Exercise prompt:
An exact copy of all the lines below is required, with every image left out.

Dataset content:
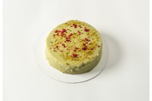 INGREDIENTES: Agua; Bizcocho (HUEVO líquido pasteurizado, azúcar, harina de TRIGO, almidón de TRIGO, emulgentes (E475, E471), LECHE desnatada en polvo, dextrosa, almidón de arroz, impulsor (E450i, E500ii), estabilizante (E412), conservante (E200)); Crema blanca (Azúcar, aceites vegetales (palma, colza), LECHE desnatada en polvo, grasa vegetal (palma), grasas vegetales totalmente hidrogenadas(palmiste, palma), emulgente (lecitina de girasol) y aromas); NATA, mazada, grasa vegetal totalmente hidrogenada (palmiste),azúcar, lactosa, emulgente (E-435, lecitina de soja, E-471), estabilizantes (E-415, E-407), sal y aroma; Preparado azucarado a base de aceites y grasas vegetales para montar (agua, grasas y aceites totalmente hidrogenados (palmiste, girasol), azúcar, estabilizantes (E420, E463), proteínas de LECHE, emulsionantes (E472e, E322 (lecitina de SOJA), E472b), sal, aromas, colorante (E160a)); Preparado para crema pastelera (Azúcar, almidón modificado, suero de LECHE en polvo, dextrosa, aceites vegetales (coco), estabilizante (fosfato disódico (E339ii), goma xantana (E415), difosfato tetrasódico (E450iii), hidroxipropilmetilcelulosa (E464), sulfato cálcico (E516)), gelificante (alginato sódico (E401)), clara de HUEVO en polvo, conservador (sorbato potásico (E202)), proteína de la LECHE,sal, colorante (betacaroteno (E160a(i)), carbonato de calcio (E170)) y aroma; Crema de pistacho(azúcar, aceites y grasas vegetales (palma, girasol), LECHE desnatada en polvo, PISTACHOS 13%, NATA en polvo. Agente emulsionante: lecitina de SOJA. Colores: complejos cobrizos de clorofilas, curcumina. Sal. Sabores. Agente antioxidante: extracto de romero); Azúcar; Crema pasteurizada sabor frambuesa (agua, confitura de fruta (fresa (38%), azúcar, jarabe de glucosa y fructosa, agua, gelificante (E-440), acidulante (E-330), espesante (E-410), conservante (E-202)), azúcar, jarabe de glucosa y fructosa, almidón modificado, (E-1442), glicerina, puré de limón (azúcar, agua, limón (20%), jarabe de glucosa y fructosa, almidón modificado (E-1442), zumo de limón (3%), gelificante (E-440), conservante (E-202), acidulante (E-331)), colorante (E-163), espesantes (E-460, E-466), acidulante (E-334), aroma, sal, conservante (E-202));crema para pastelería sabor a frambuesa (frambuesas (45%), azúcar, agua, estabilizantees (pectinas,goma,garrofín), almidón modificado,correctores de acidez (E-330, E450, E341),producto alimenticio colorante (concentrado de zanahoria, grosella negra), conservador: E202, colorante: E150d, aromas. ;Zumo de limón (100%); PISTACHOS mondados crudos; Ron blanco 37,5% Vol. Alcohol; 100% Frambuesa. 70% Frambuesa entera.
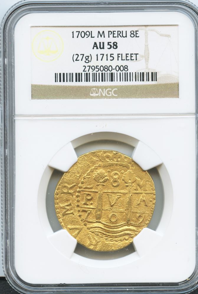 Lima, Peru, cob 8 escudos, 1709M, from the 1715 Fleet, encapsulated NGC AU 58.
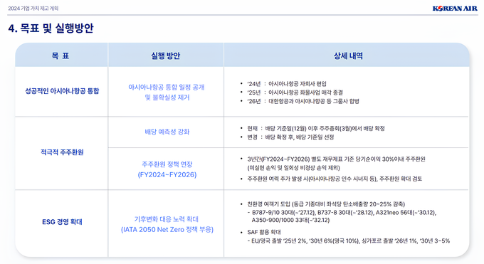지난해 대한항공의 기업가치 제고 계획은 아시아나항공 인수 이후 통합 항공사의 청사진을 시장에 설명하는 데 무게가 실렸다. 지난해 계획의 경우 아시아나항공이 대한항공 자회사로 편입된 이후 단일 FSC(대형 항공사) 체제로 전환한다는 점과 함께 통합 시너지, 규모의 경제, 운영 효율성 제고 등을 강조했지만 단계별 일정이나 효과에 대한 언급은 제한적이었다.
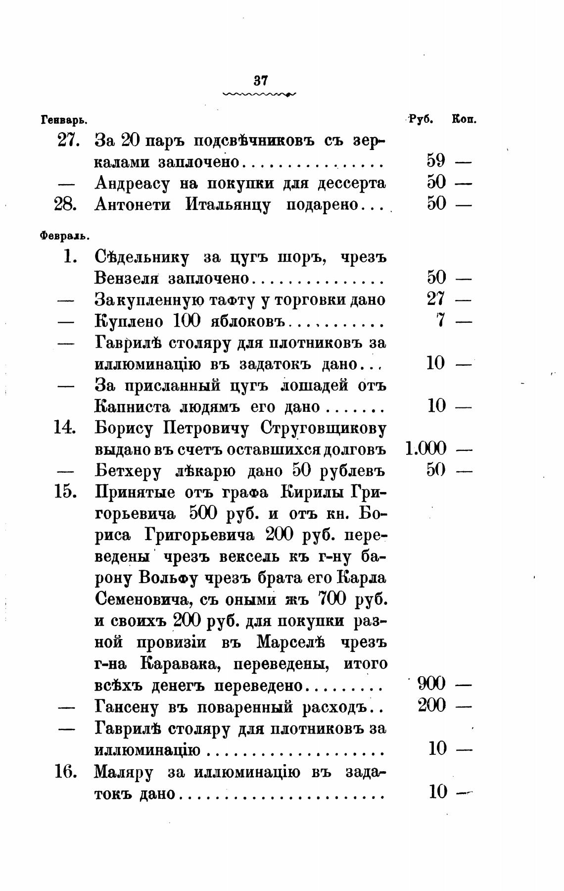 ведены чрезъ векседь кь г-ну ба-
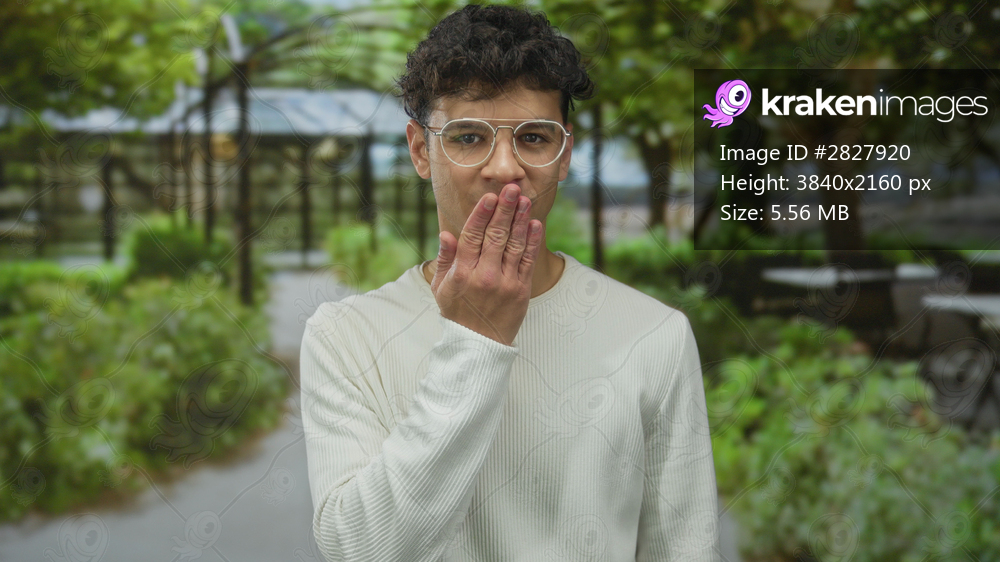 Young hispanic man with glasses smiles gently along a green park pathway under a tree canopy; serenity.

Response to the task:
 INGREDIENTES: Agua; Bizcocho (HUEVO líquido pasteurizado, azúcar, harina de TRIGO, almidón de TRIGO, emulgentes (E475, E471), LECHE desnatada en polvo, dextrosa, almidón de arroz, impulsor (E450i, E500ii), estabilizante (E412), conservante (E200)); Crema blanca (Azúcar, aceites vegetales (palma, colza), LECHE desnatada en polvo, grasa vegetal (palma), grasas vegetales totalmente hidrogenadas(palmiste, palma), emulgente (lecitina de girasol) y aromas); NATA, mazada, grasa vegetal totalmente hidrogenada (palmiste),azúcar, lactosa, emulgente (E-435, lecitina de soja, E-471), estabilizantes (E-415, E-407), sal y aroma; Preparado azucarado a base de aceites y grasas vegetales para montar (agua, grasas y aceites totalmente hidrogenados (palmiste, girasol), azúcar, estabilizantes (E420, E463), proteínas de LECHE, emulsionantes (E472e, E322 (lecitina de SOJA), E472b), sal, aromas, colorante (E160a)); Preparado para crema pastelera (Azúcar, almidón modificado, suero de LECHE en polvo, dextrosa, aceites vegetales (coco), estabilizante (fosfato disódico (E339ii), goma xantana (E415), difosfato tetrasódico (E450iii), hidroxipropilmetilcelulosa (E464), sulfato cálcico (E516)), gelificante (alginato sódico (E401)), clara de HUEVO en polvo, conservador (sorbato potásico (E202)), proteína de la LECHE,sal, colorante (betacaroteno (E160a(i)), carbonato de calcio (E170)) y aroma; Crema de pistacho(azúcar, aceites y grasas vegetales (palma, girasol), LECHE desnatada en polvo, PISTACHOS 13%, NATA en polvo. Agente emulsionante: lecitina de SOJA. Colores: complejos cobrizos de clorofilas, curcumina. Sal. Sabores. Agente antioxidante: extracto de romero); Azúcar; Crema pasteurizada sabor frambuesa (agua, confitura de fruta (fresa (38%), azúcar, jarabe de glucosa y fructosa, agua, gelificante (E-440), acidulante (E-330), espesante (E-410), conservante (E-202)), azúcar, jarabe de glucosa y fructosa, almidón modificado, (E-1442), glicerina, puré de limón (azúcar, agua, limón (20%), jarabe de glucosa y fructosa, almidón modificado (E-1442), zumo de limón (3%), gelificante (E-440), conservante (E-202), acidulante (E-331)), colorante (E-163), espesantes (E-460, E-466), acidulante (E-334), aroma, sal, conservante (E-202));crema para pastelería sabor a frambuesa (frambuesas (45%), azúcar, agua, estabilizantees (pectinas,goma,garrofín), almidón modificado,correctores de acidez (E-330, E450, E341),producto alimenticio colorante (concentrado de zanahoria, grosella negra), conservador: E202, colorante: E150d, aromas. ;Zumo de limón (100%); PISTACHOS mondados crudos; Ron blanco 37,5% Vol. Alcohol; 100% Frambuesa. 70% Frambuesa entera.
 Lima, Peru, cob 8 escudos, 1709M, from the 1715 Fleet, encapsulated NGC AU 58.
지난해 대한항공의 기업가치 제고 계획은 아시아나항공 인수 이후 통합 항공사의 청사진을 시장에 설명하는 데 무게가 실렸다. 지난해 계획의 경우 아시아나항공이 대한항공 자회사로 편입된 이후 단일 FSC(대형 항공사) 체제로 전환한다는 점과 함께 통합 시너지, 규모의 경제, 운영 효율성 제고 등을 강조했지만 단계별 일정이나 효과에 대한 언급은 제한적이었다.
 ведены чрезъ векседь кь г-ну ба-
 Young hispanic man with glasses smiles gently along a green park pathway under a tree canopy; serenity.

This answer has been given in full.